Astrid Bonfield laughs at the suggestion that she's becoming a specialist in royal charities as she moves from leading the Diana, Princess of Wales Memorial Fund to become chief executive of the Queen Elizabeth Diamond Jubilee Trust. In fact, she seems keen to play down the royal link.
"Neither of them are technically royal charities, but foundations - and that is my background," she says. "I started off running a local NGO in Zimbabwe and have spent five years working in squatter camps, so I have always engaged in international development - through the Bernard van Leer Foundation and then the Aga Khan Foundation.
"It is all about opportunities, having the right background and my international and UK experience. I was just very fortunate to be given these opportunities."
Does a royal name bring a particular set of pressures? If there are pressures, she says, they come from the responsibility to maximise charity donations.
"If anything keeps you awake at night, it should be that - are the programmes working? Are we really making change and are we making people's lives better? That's definitely what drives me."
Both charities are spend-out foundations: the Diana fund is closing at the end of the year and the jubilee trust was set up by the Commonwealth heads of government in November 2011 with a five-year lifespan.
"It's a great privilege to have this one chance because you really do focus on outcome," she says. "It can be an interesting question to ask yourself: 'Would we do anything different if we were spending it all now?' Just asking that can really help you focus on what the best strategies are for you to gain those iconic outcomes.
"That's what we're all in this business to do - to achieve social justice and to change the way the world works; to end disadvantage. So that question gives it a sharp focus."
Bonfield finds the spend-out approach exciting and is proud of what the fund has achieved, including its work towards ending the detention of children in UK immigration centres and ensuring that palliative care is integrated into the treatment of people with life-limiting illnesses in sub-Saharan Africa.
"But I think the highlight of my life has to be the international treaty to end the use and stockpiling of cluster munitions," she says. "It was absolutely extraordinary to be a part of that process.
"Eighty countries across the world came together to work with state parties who stepped outside conventional processes and worked together for 18 months to achieve an international ban. Victims of cluster munitions took a central part in the campaign, and that was fantastic."

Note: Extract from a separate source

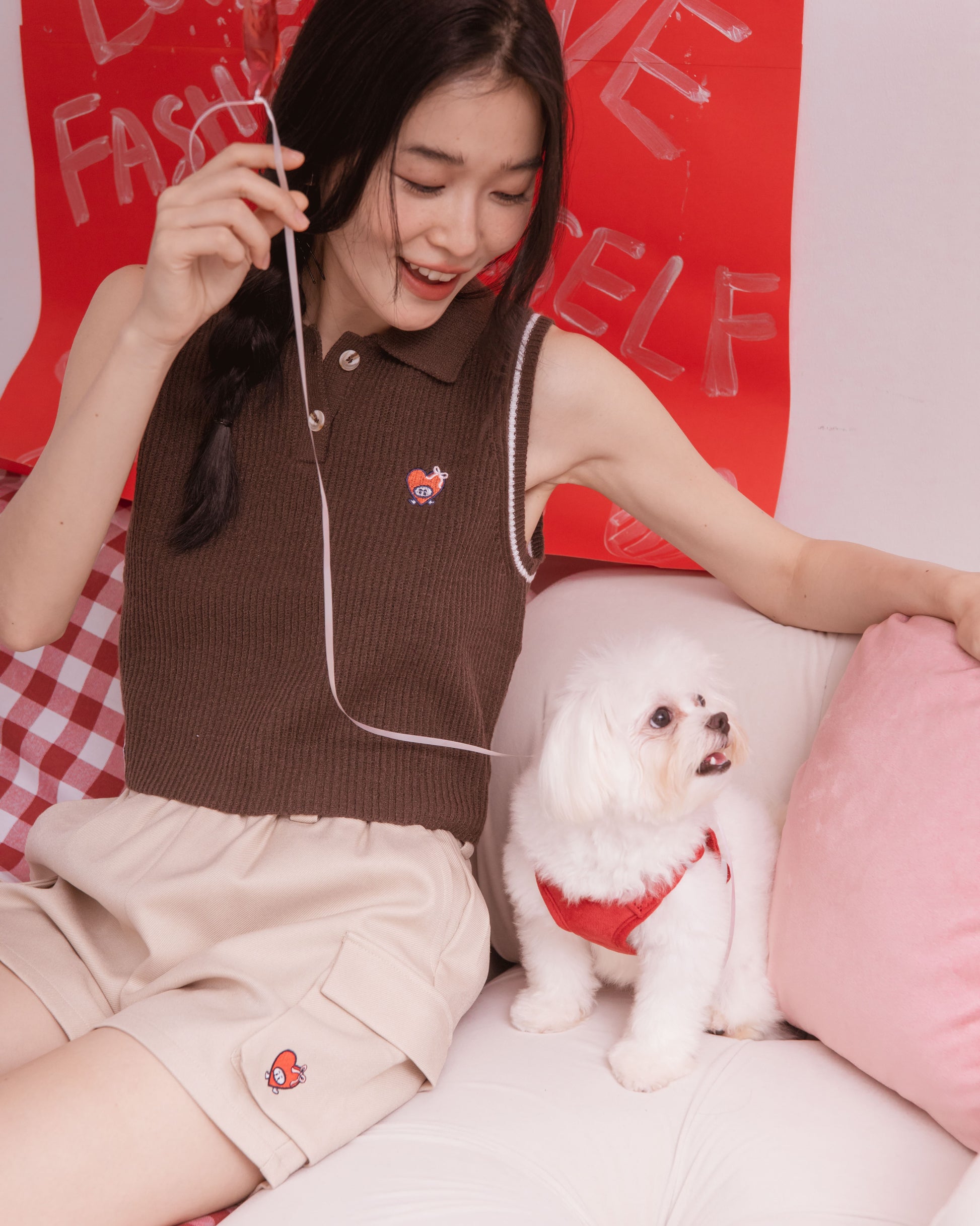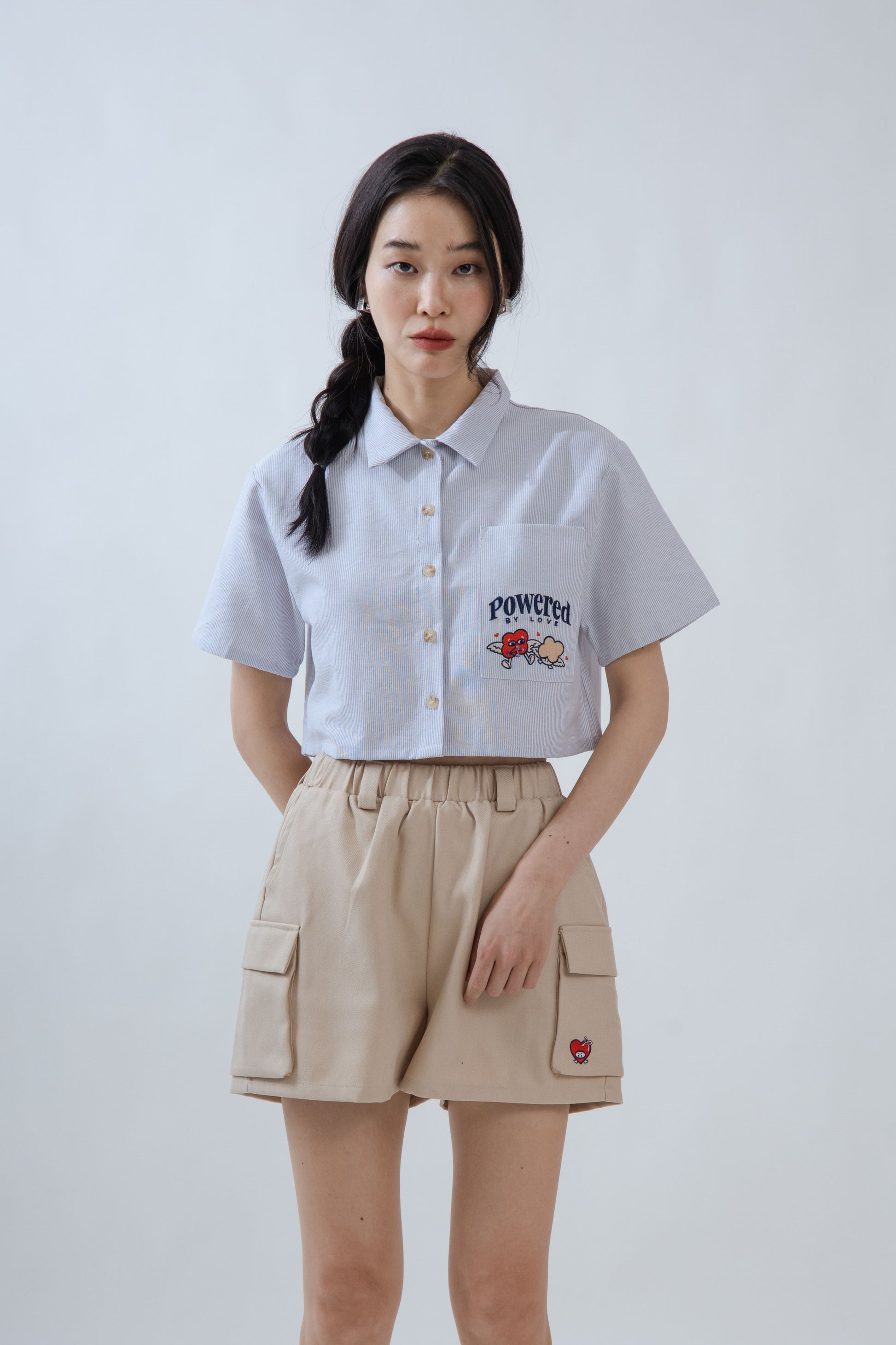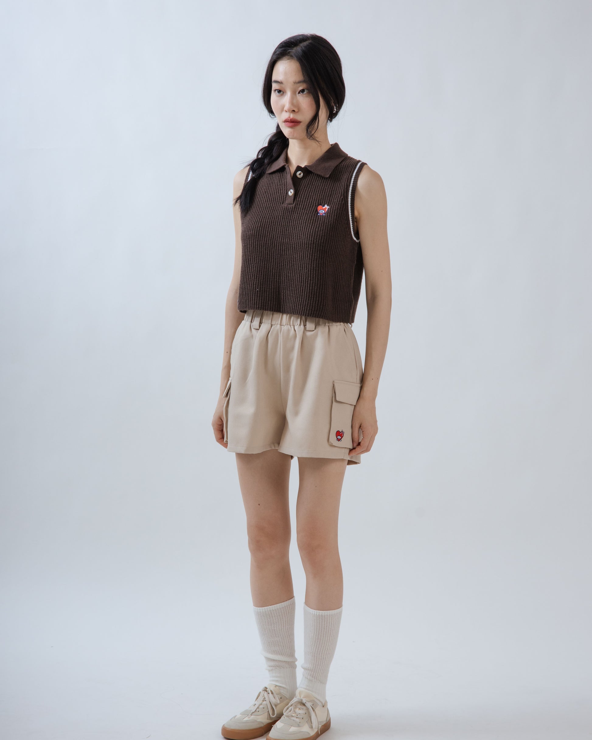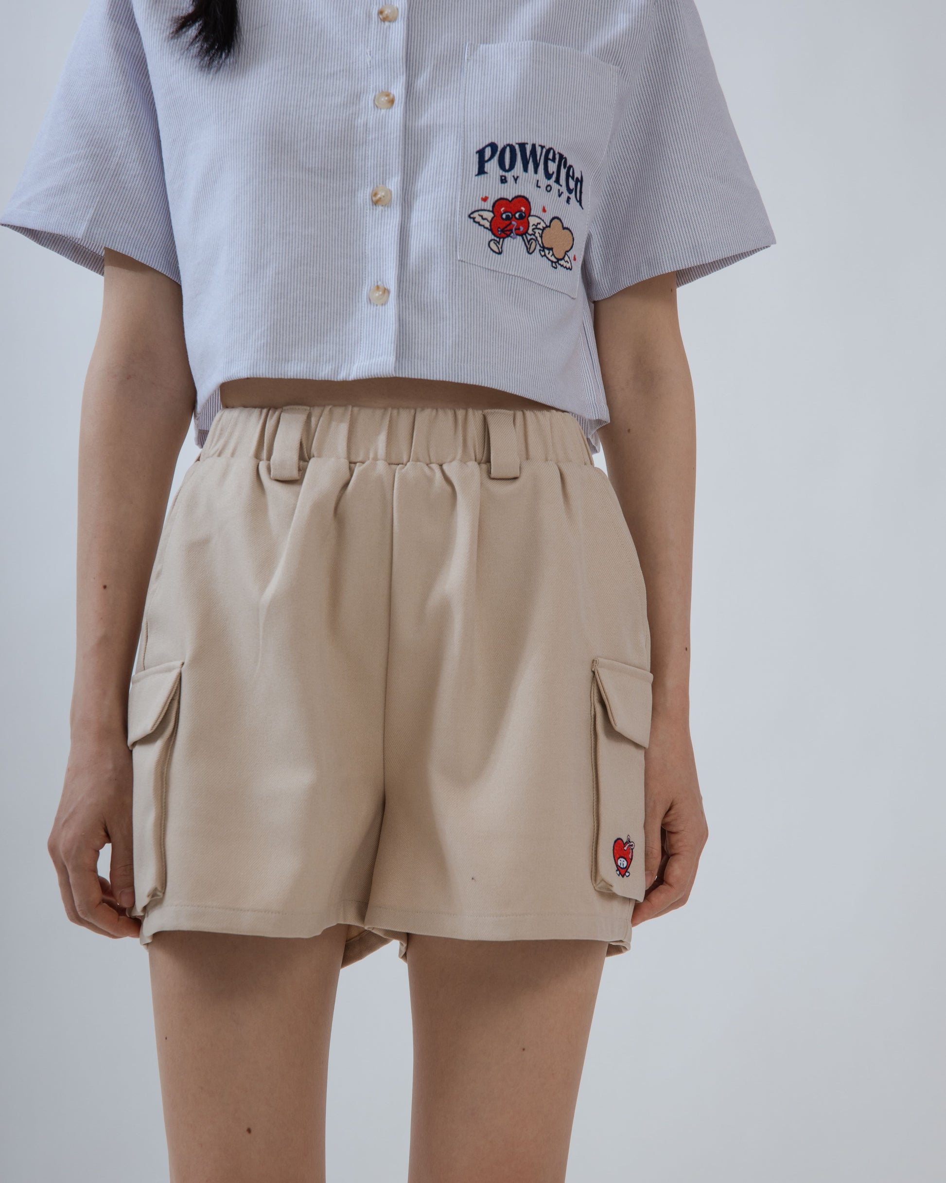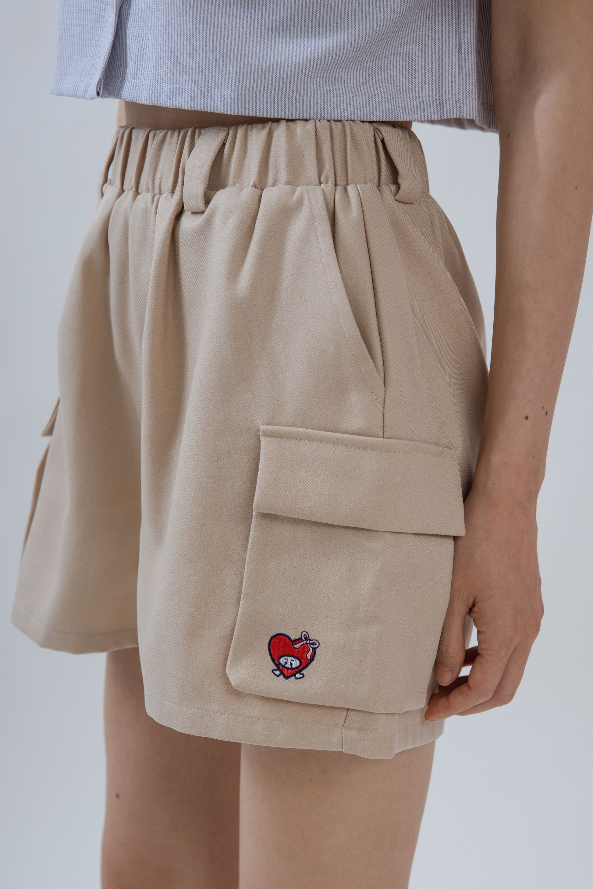 LULU You're Loved Embroidery Pocket Shorts (Beige)

The jubilee trust, established to celebrate the Queen's 60-year contribution to the Commonwealth, is fundraising during her jubilee year and grant-making will start in 2013.
The charity, Bonfield says, operates on behalf of the Queen rather than as her personal charity, although her principal private secretary, Sir Christopher Geidt, is on the board of trustees. Sir John Major is chairman and there is an advisory group drawn from the Commonwealth.
"Commonwealth governments are giving money to the trust because it was their initiative," says Bonfield. "The Queen has said she doesn't want any gifts, but if anyone wishes to give something they should give it to the trust so it can be used in charitable work. The British government has already pledged up to £50m."
The trust will not solicit bids for projects or implement programmes itself. Instead, it will work with selected partner charities and organisations across the Commonwealth on projects focusing on six programme themes, one for each decade of the Queen's reign: urban food, disability to capability, 'young diamonds', care with dignity, exceptional leaders, and heritage and culture.
Asked what she's learned from her seven years at the fund, Bonfield talks about legacy.
"We've been obsessed by it, thinking all the time 'Is this sustainable? Will it bring sustainable change? What will it leave behind? What will it look like 10 years after you close?'
"So that's going to be the main thing that I'll take to the new charity - that we know what success is going to look like, how we measure that and what we will leave behind."
And in five years' time will there be another crown linked to her next job?
"Who knows?" she responds, "It's just a matter of luck."
2012: Chief executive, the Queen Elizabeth Diamond Jubilee Trust
2005: Chief executive, the Diana, Princess of Wales Memorial Fund
2004: Director of policy, Aga Khan Foundation (UK)
2001: Programme development specialist, Bernard van Leer Foundation, Netherlands.